Table 2. Inflammatory blood biomarker clusters do not positively correlate with CSF inflammation in MS patients.
Table 3. Inflammatory blood biomarker clusters do not positively correlate with CSF inflammation and neurodegeneration in RRMS or PMS patients.
CSF Markers of Innate and Adaptive Immunity Correlate With MS Severity
Although we observed no positive correlations between biomarkers of systemic and intrathecal inflammation, we asked whether systemic inflammation may contribute to MS severity, defined as the rate of disability progression, by mechanisms other than driving intrathecal activation of innate or adaptive immunity. In a similar way, we also addressed the hypothesis that different types of intrathecal inflammation contribute to CNS damage in MS by correlating CSF inflammatory biomarkers with MS severity. Thus, we evaluated correlations between blood and CSF inflammatory biomarker clusters and three measures of MS severity [MSSS, ARMSSS, and MS-DSS; (18)] in the entire MS cohort (Figure 5) and the RRMS and PMS sub-cohorts (Figure 6).

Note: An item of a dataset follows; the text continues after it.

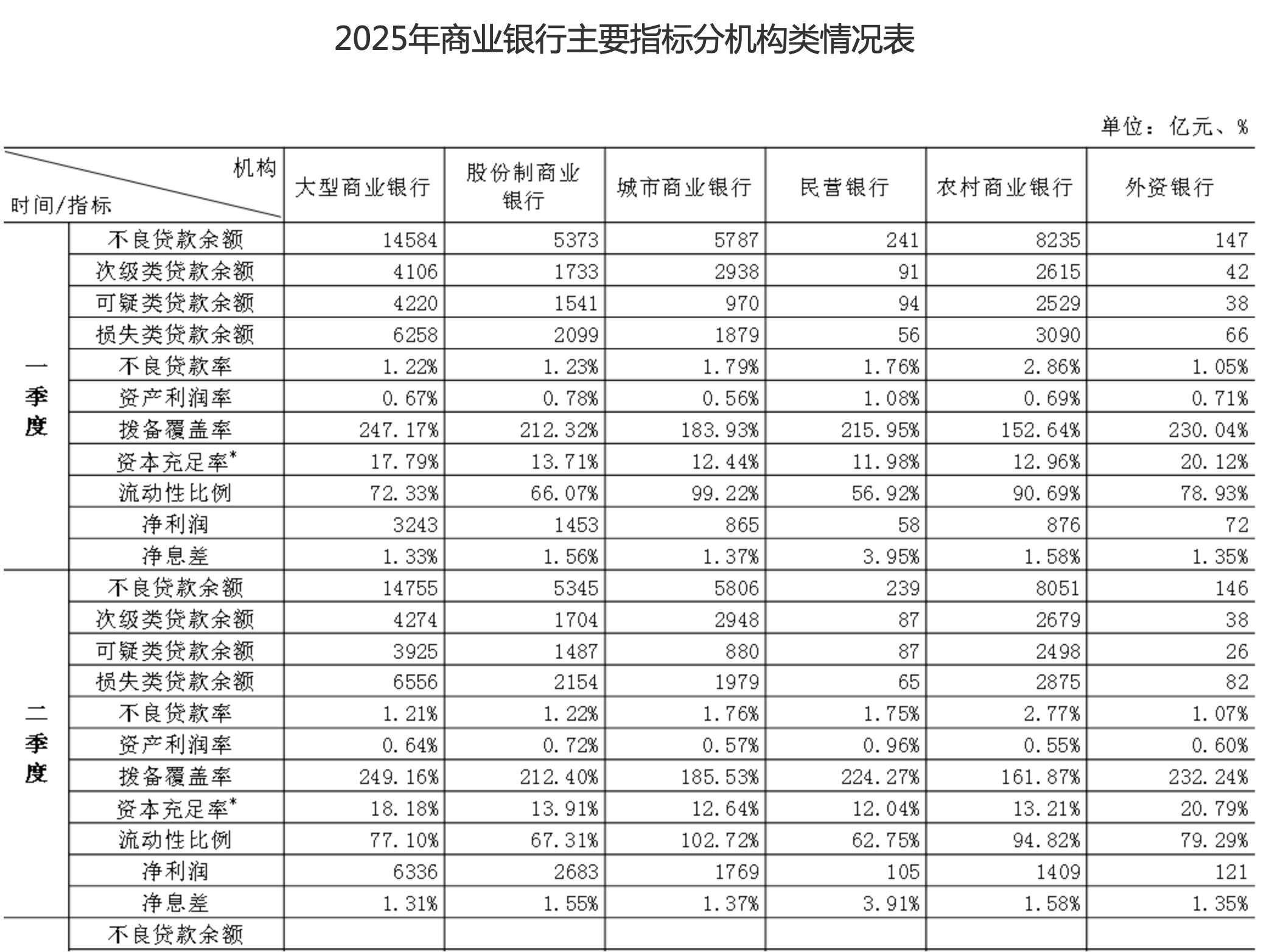 2025年二季度末,商业银行(不含外国银行分行)资本充足率3为15.58%,较上季末上升0.30个百分点;一级资本充足率3为12.46%,较上季末上升0.28个百分点;核心一级资本充足率3为10.93%,较上季末上升0.24个百分点。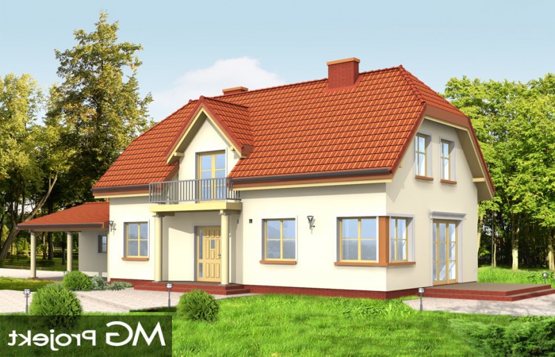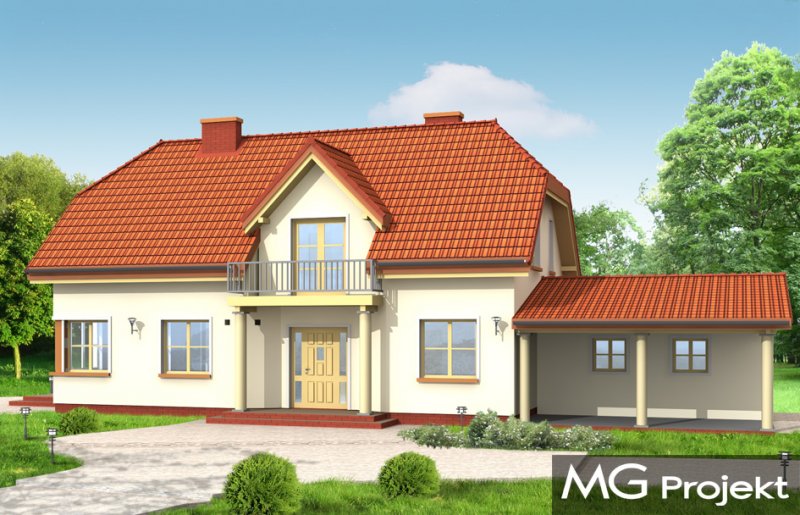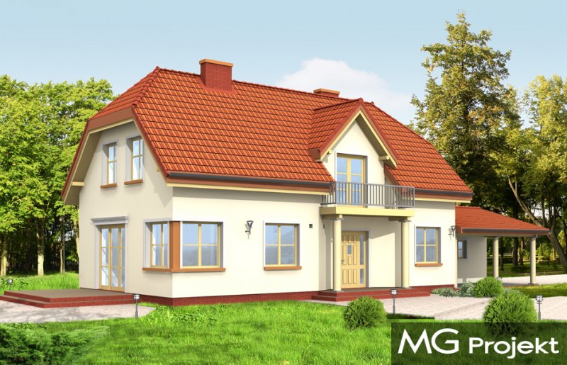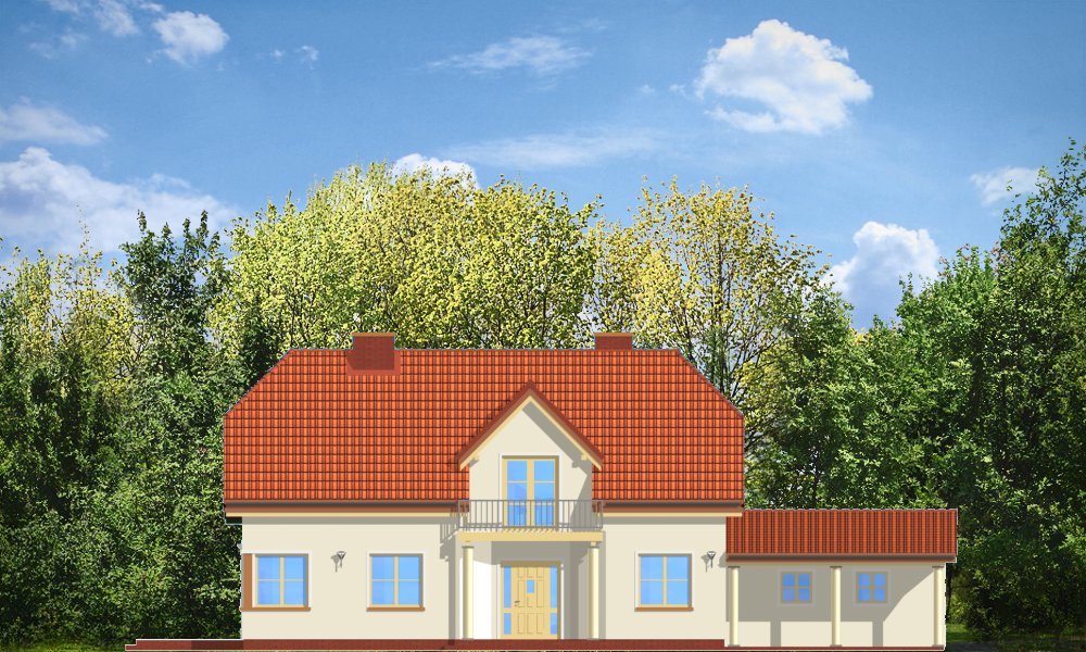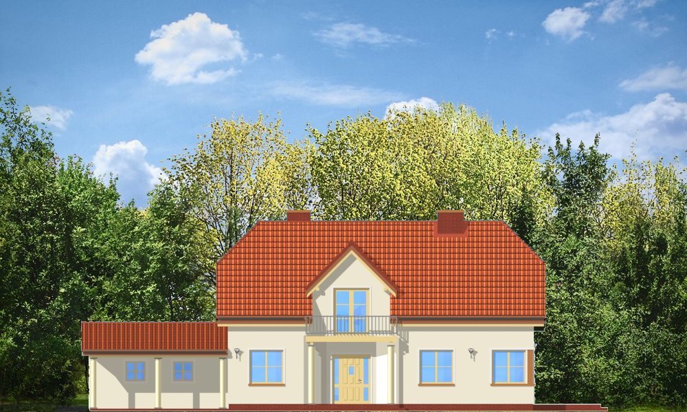 Krzysztof to willa jednorodzinna dla rodziny 4-5 osobowej. Projekt przeznaczony jest na wąską działkę, o szerokości nawet 15 m. Ozdobny fronton z balkonem i wciętym przedsionkiem oraz dach naczółkowy tworzą miłą dla oka sylwetkę domu. Dobudowane garaże w zależności od ustawienia na działce mogą mieć drzwi na stronę frontową lub na boczną. We wnętrzu na parterze zaprojektowano salon połączony z aneksem jadalnym i holem, kuchnię, oraz gabinet. Na poddaszu mieszczą się trzy sypialnie z garderobą, łazienką i dużym holem-bawialnią (z wyjściem na balkon). Projekt dostępny jest też w odbiciu lustrzanym.

Figure 5. Inflammatory blood and CSF immune biomarkers correlate with MS severity among all MS patients combined. Spearman correlations between all blood and CSF clusters and MS-DSS, MSSS, and ARMSS using all MS patients are shown after adjusting for multiple comparisons (A). Relationships between cluster scores and severity measures with p < 0.05 are bolded and graphically depicted (B). The axes are selected to have better visual assessment of majority of patients' cluster scores. Thus, a few individual points may be missing in these graphs. ARMSS, Age Related Multiple Sclerosis Severity; CSF, cerebrospinal fluid; MS, Multiple Sclerosis; MS-DSS, Multiple Sclerosis-Disease Severity Scale; MSSS, Multiple Sclerosis Severity Score.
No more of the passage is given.